Latitude Zero
Page 12
About a block away from Compass Bikes, I took my phone out of my bag, thinking I’d call my mom and tell her I was on my way home. But my battery was almost out again. And sure enough, a text buzzed in.
WELL??????
Another insistent buzz.
WHERE IS THE BIKE?
I typed furiously.
No idea! Tell me why you want it.
His reply:
NOT YOUR CONCERN. JUST GET ME THE BIKE BY THURSDAY. NO MEDIA CONTACT, NO POLICE TIP-OFFS.
MY EYES AND EARS ARE EVERYWHERE. WE CAN DESTROY YOU.
Then the messages vanished.
/////
I TOOK the subway from Kendall to Harvard Square and went straight to the phone store.
“My battery’s not holding a charge,” I explained to the technician. “And I’ve been getting some weird texts from an unknown sender. Can you trace them?”

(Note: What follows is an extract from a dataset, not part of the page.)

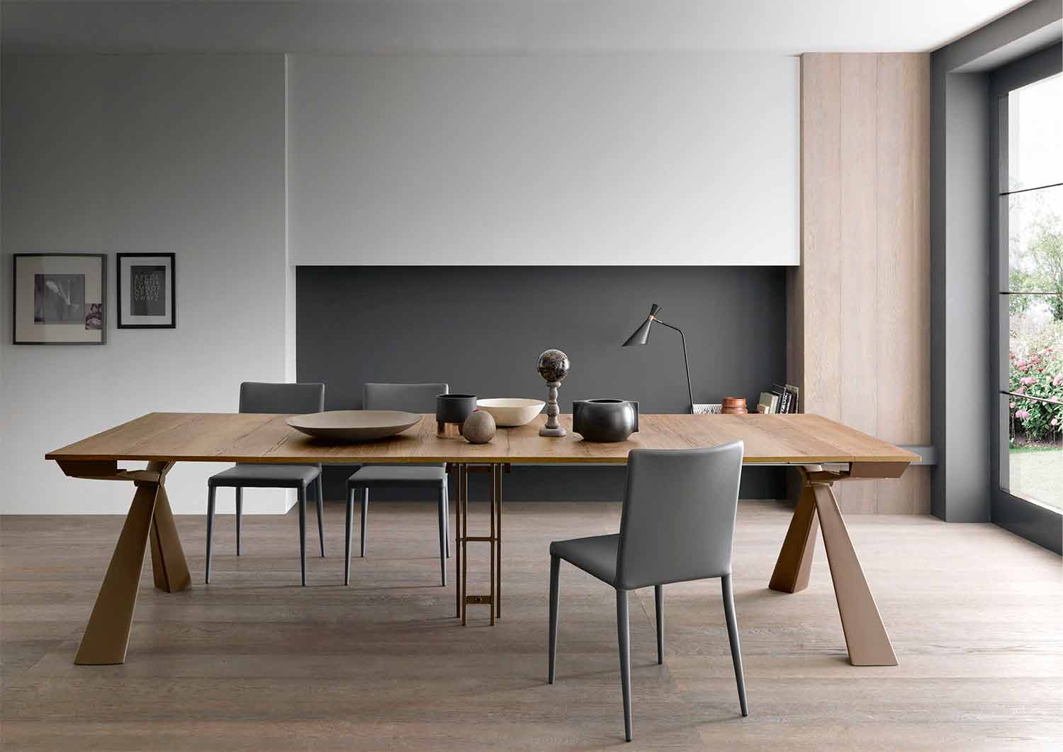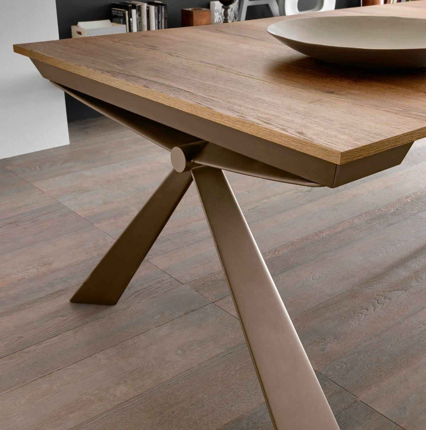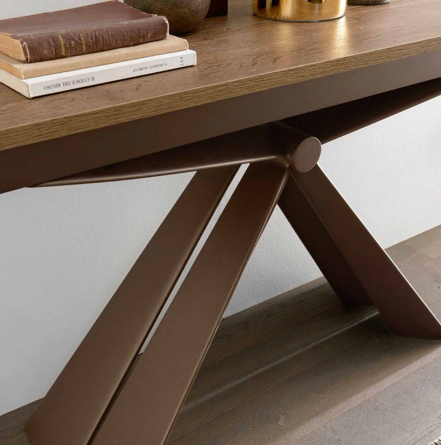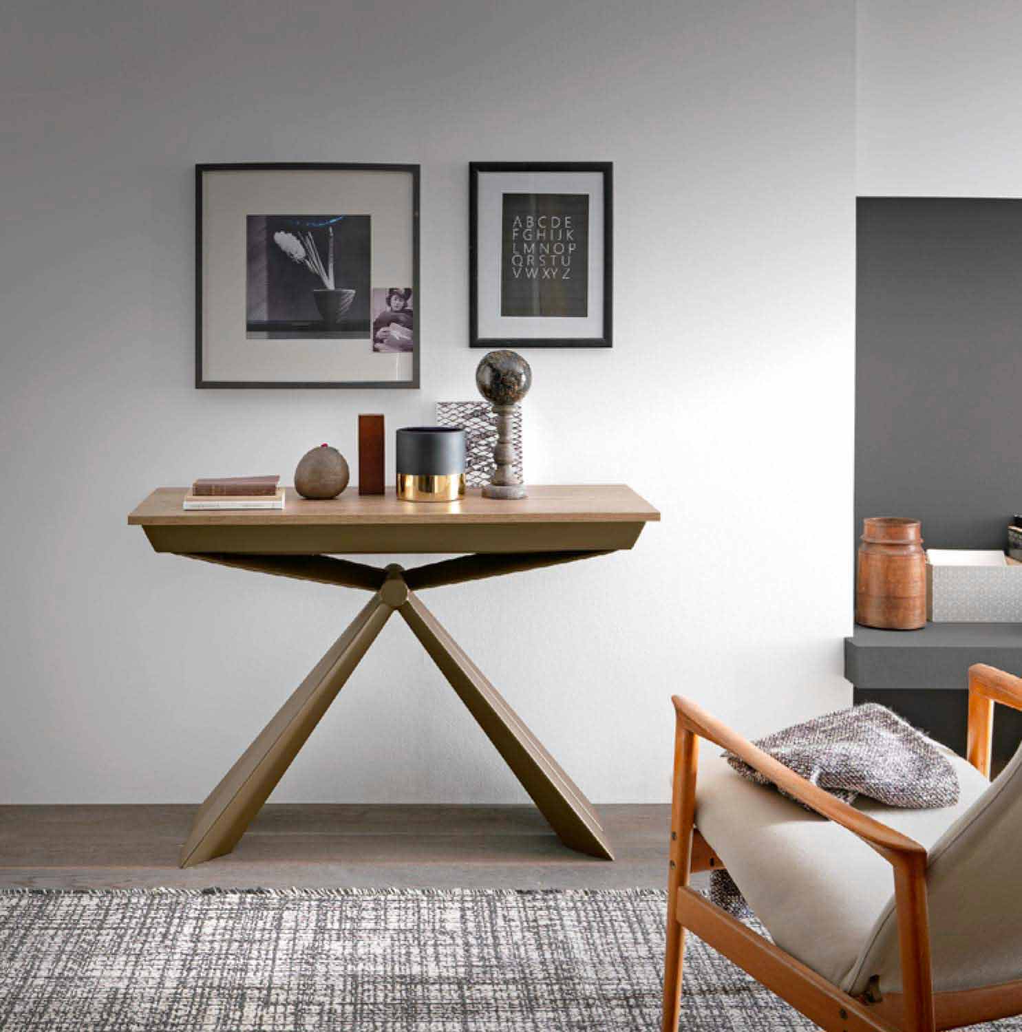 extendable console is outlined by a sculptural design thanks to the shape of the metal structure which converges its lines in a central node.

“That’s probably a job for the police,” said the tech. “But I can take a look, see what I can find.” He scrolled through. “What text messages? I don’t see any record of messages here.”
“Yeah, that happens. They go away. Could someone be controlling my phone?”
“Very possible. Someone could control it remotely and wipe data.”
Wipe data. Like Juan Carlos’s phone number, which he’d typed into my phone the morning of Chain Reaction. And my half-finished text to him. And my exchanges with Darwin. All that was gone.
No wonder Darwin thought I might have something to do with the missing bike. I’d implicated myself by texting Juan Carlos and mentioning the bike in the woods. And he probably took Juan Carlos’s number out of there so I couldn’t warn him with any more details.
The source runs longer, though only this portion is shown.